Hu Zhangliang, spokesperson for the Chinese Embassy in Pretoria, stated on 18 February 2016: "The Johannesburg Summit marked a turning point in China-Africa relations. And its resolutions will be implemented honestly. What we have achieved reaffirms the idea of a win-win cooperation … Our cooperation is characterised by sincerity, benefit and mutual respect … This cooperation will enable the creation of jobs, food security and the improvement of health".

This systematic reference to the win-win principle is rooted in South-South cooperation. A cooperation which, in its objectives and instruments, stands out from the North-South cooperation that remains overly permeated by a colonial and asymmetric past which, in particular, has ‘forgotten’ to finance agriculture for more than two decades.
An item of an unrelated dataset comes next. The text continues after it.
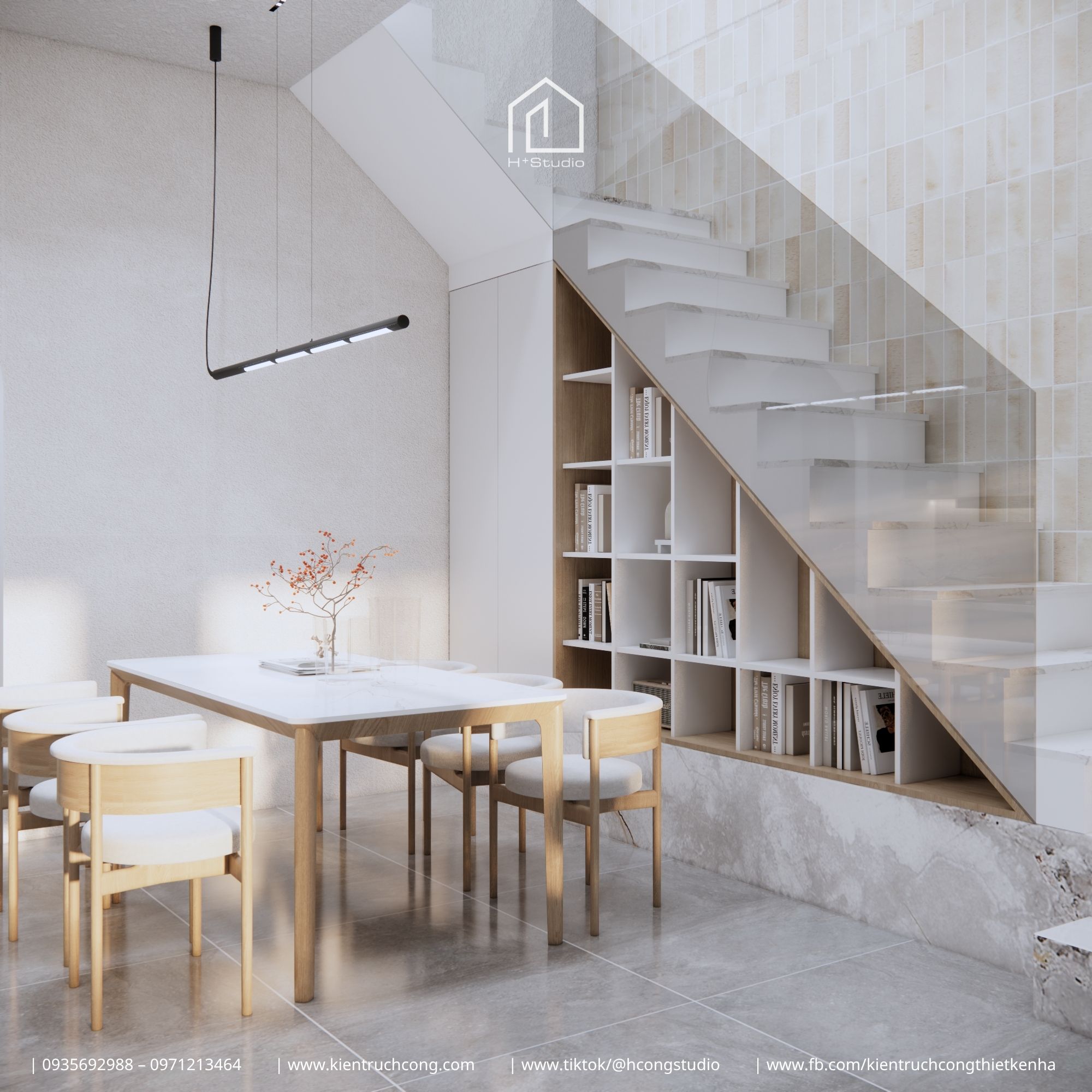 Nội thất được bố trí gọn, không có chi tiết thừa. Khoảng dưới cầu thang được tận dụng làm tủ lưu trữ, giúp tiết kiệm diện tích mà không cần thêm đồ đạc. Ánh sáng trong nhà kết hợp giữa nguồn sáng tự nhiên từ giếng trời và cửa sổ với hệ đèn bố trí âm trần, đảm bảo đủ sáng vào mọi thời điểm trong ngày.

So what is the situation regarding cooperation between China and Africa in the agricultural sector?

First of all, we have to put aside rumours and accepted notions. China is not in Africa to feed its own population, and its land acquisitions are far fewer than those held by investors from Organisation for Economic Co-operation and Development (OECD) and Organization of the Petroleum Exporting Countries (OPEC) countries. The production of rice, market garden products and sugar on Chinese land acquisitions are intended for national and regional African markets. As for cotton, rubber, cocoa and palm oil, these are purchased by Chinese traders or are intended for international markets, including that of China. This means that, until now, the nature of trade between China and Africa has been similar to that which has existed between Europe and Africa for decades: unprocessed raw materials in exchange for manufactured goods. This type of trade has not made a real contribution to the industrialisation of Africa. However, in the new Chinese-African policy presented in Johannesburg in December 2015, strong emphasis is placed on industrialisation: US$10 billion will be provided over the next 3 years to support Chinese companies establishing themselves in Africa, not to produce unprocessed raw materials but to create businesses to develop specific sectors and sub-sectors, in particular agriculture.

The Chinese strategy is based on a model for the dissemination of agricultural technological innovation through agricultural demonstration centres. The objective of these centres, of which there are currently 25, is to experiment with and popularise new food production technologies (irrigated rice, fish farming, and market garden products) using high yielding seeds and phytosanitary products imported from China. The aim of these new centres is to distribute ‘green revolution’ technological advances, but they do not address issues of access to credit or the instruments of agricultural policies (subsidies, role of the state, etc.).

Within the framework of trilateral cooperation with the World Food Programme (WFP), the plan is to put together a programme to reduce postharvest losses using techniques tested in China. Will these activities implemented by China be beneficial for Africa? Giving a positive answer to this question requires a clear vision of the scale in which these new technologies will be disseminated (which is not yet apparent), capacity of populations to acquire them, and a small risk of creating dependence by African agricultural systems on imports of seeds, fertilisers and phytosanitary products from China. The purchase of Syngenta by CHEMCHINA will undoubtedly have implications for Africa where this company already has a significant presence (Cameroon, Côte d'Ivoire). Consequently, the real question is whether this cooperation is intended to meet the development challenges facing Africa (food security, rural employment, income disparities) or support Chinese companies establishing themselves in Africa.